TASK:
All lines in the records below from the line with "Wildlife populations in" through the line with "Celaya, Guanajuato: a" are to be given again exactly, both ends included; the pictures are to be left out.

START SUPPLIED MATERIAL

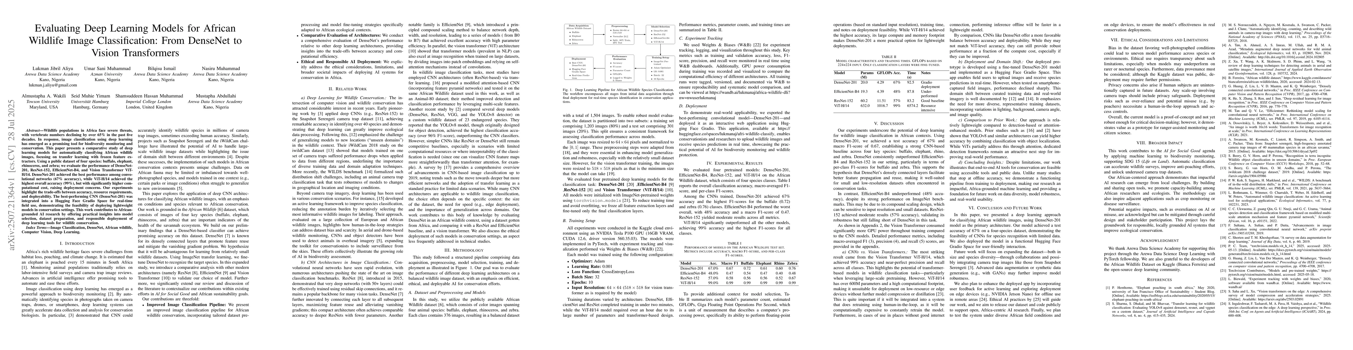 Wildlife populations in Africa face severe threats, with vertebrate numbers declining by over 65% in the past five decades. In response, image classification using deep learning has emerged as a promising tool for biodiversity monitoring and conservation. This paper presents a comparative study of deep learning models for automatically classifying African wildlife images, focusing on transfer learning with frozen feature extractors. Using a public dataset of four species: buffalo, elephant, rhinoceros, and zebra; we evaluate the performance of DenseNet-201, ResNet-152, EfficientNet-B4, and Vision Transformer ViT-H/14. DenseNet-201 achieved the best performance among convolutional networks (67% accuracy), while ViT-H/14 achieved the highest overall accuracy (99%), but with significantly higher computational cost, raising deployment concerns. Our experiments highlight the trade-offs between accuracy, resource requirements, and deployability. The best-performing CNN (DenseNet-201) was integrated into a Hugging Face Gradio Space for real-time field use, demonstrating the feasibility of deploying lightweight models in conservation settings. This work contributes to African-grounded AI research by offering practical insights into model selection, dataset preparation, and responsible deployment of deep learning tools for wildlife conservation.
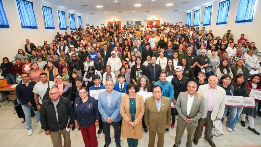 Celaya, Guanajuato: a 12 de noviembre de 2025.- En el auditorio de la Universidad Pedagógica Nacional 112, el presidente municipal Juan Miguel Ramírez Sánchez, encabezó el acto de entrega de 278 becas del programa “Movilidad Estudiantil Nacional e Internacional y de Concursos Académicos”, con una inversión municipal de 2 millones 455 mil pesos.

END SUPPLIED MATERIAL
START SUPPLIED MATERIAL

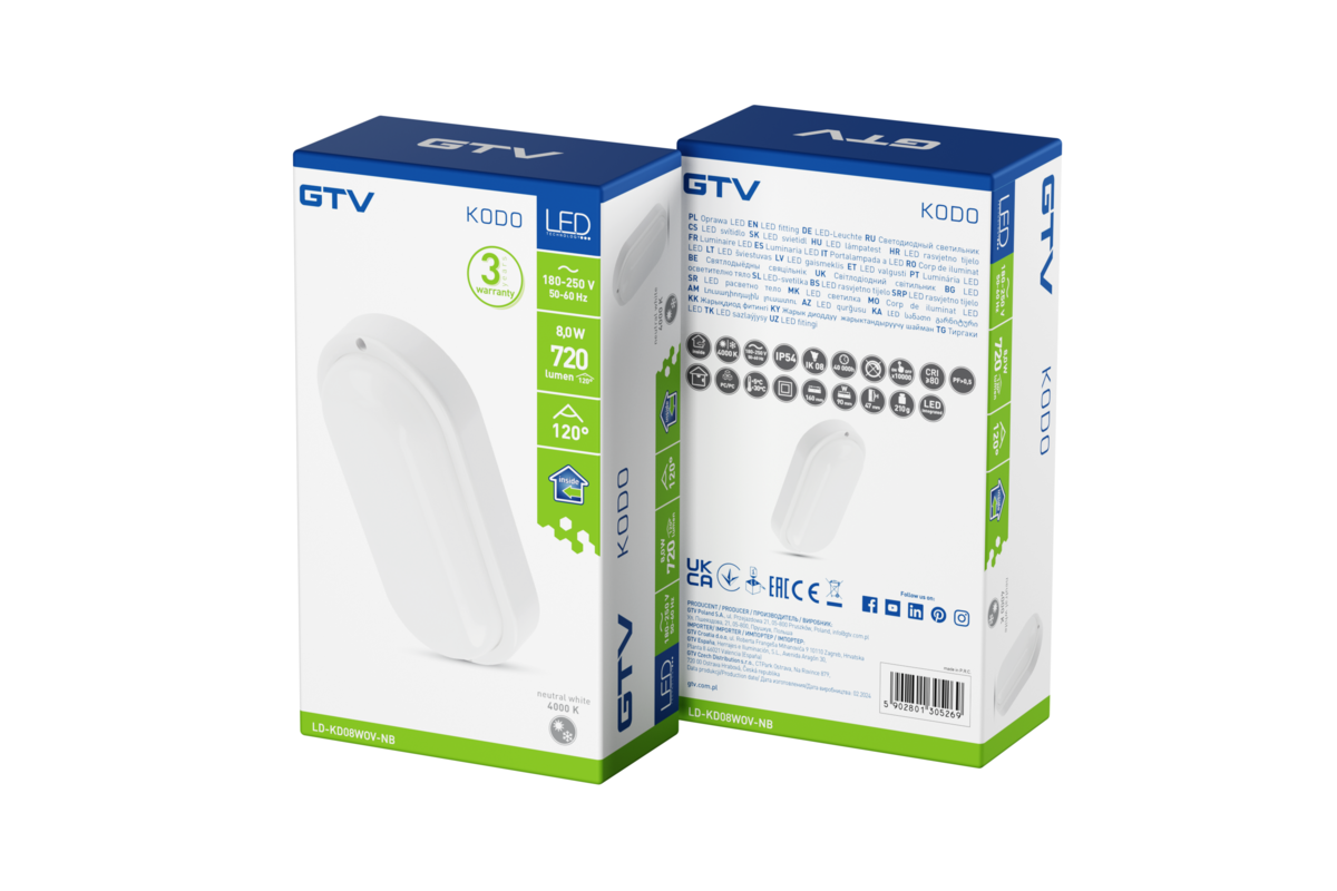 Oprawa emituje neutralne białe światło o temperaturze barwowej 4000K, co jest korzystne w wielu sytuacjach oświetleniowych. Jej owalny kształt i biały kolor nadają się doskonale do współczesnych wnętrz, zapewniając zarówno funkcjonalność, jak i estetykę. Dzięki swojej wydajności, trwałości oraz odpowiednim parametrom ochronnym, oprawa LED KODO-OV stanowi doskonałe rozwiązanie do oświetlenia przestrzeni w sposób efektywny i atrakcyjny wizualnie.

END SUPPLIED MATERIAL
START SUPPLIED MATERIAL

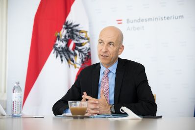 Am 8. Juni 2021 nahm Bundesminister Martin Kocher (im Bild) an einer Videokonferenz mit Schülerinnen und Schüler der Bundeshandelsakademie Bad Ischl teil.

END SUPPLIED MATERIAL

RESPONSE TO THE TASK:
 Wildlife populations in Africa face severe threats, with vertebrate numbers declining by over 65% in the past five decades. In response, image classification using deep learning has emerged as a promising tool for biodiversity monitoring and conservation. This paper presents a comparative study of deep learning models for automatically classifying African wildlife images, focusing on transfer learning with frozen feature extractors. Using a public dataset of four species: buffalo, elephant, rhinoceros, and zebra; we evaluate the performance of DenseNet-201, ResNet-152, EfficientNet-B4, and Vision Transformer ViT-H/14. DenseNet-201 achieved the best performance among convolutional networks (67% accuracy), while ViT-H/14 achieved the highest overall accuracy (99%), but with significantly higher computational cost, raising deployment concerns. Our experiments highlight the trade-offs between accuracy, resource requirements, and deployability. The best-performing CNN (DenseNet-201) was integrated into a Hugging Face Gradio Space for real-time field use, demonstrating the feasibility of deploying lightweight models in conservation settings. This work contributes to African-grounded AI research by offering practical insights into model selection, dataset preparation, and responsible deployment of deep learning tools for wildlife conservation.
 Celaya, Guanajuato: a 12 de noviembre de 2025.- En el auditorio de la Universidad Pedagógica Nacional 112, el presidente municipal Juan Miguel Ramírez Sánchez, encabezó el acto de entrega de 278 becas del programa “Movilidad Estudiantil Nacional e Internacional y de Concursos Académicos”, con una inversión municipal de 2 millones 455 mil pesos.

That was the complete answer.